I found myself looking at the web page of a local restaurant, one eye on the menu and another eye on the glaring insecure warning in the URL bar. The menu link was a direct link to a PDF. I removed the PDF from the link and was able to browse the contents of the uploads. A simple parent directory traversal brought me up as far as wp-content, which was obfuscated.
I went to the main page of this admittedly fancy looking site to see who had designed it. It was a local marketing company, so off to their website I went and I put in /wp-content/uploads and was able to perform the same action on their site.

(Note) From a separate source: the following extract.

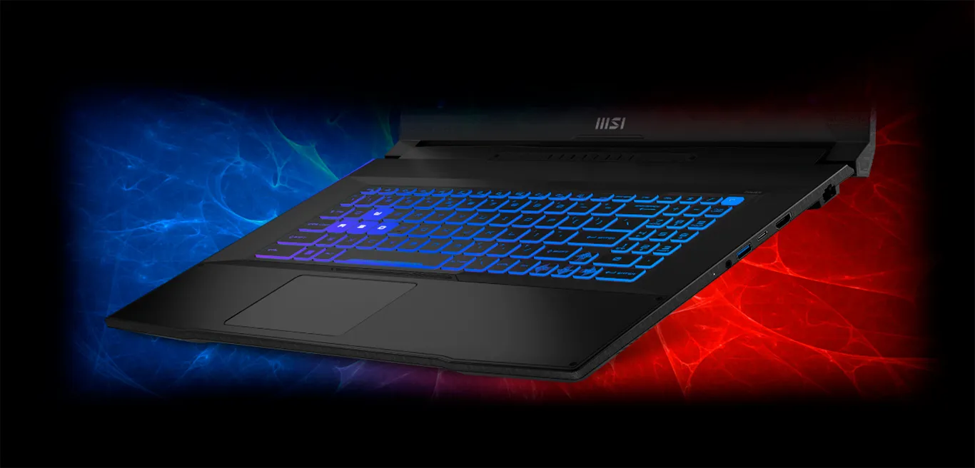 Клавиатура ноутбука серии Katana наделена 4-зонной полноцветной подсветкой с выделенными клавишами WASD. Красочная иллюминация поможет создать подлинно геймерскую атмосферу.

I was able to see upload as far back as 2016 with some of their customers.
So with that information I could have probably gone on to those sites and tried the same. There are simple programs you can run that will allow you to scan these types of sites using common lists for directories that are exposed to the world to see. I wonder what I’d find if I ran it against the restaurant or the marketing company site.
It’s only been a week into my journey of cyber security and it’s been an eye opener. There are tools there that make it pretty painless/brainless to perform hacks like these.
I have enjoyed focusing on the challenges on hackthebox.eu. Hopefully the web challenges will prepare me for some of the harder challenges on down the line. Tools I have used this week are sqlmap, dirb, nmap, burpsuite.
I’ve been watching a couple of the Ippsec videos on YouTube but I haven’t really taken notes. He presents the attacks in a really informative and engaging way that I think it’s worth watching each video twice. Once to enjoy the process, and then a second time to take notes. The forums at hackthebox are helpful in that they give wee pointers for the general direction to do in, if you’re stuck. Which I find myself in 51% of the time 😂
Already it’s been a couple of late nights and red eye mornings, but it’s been enjoyable.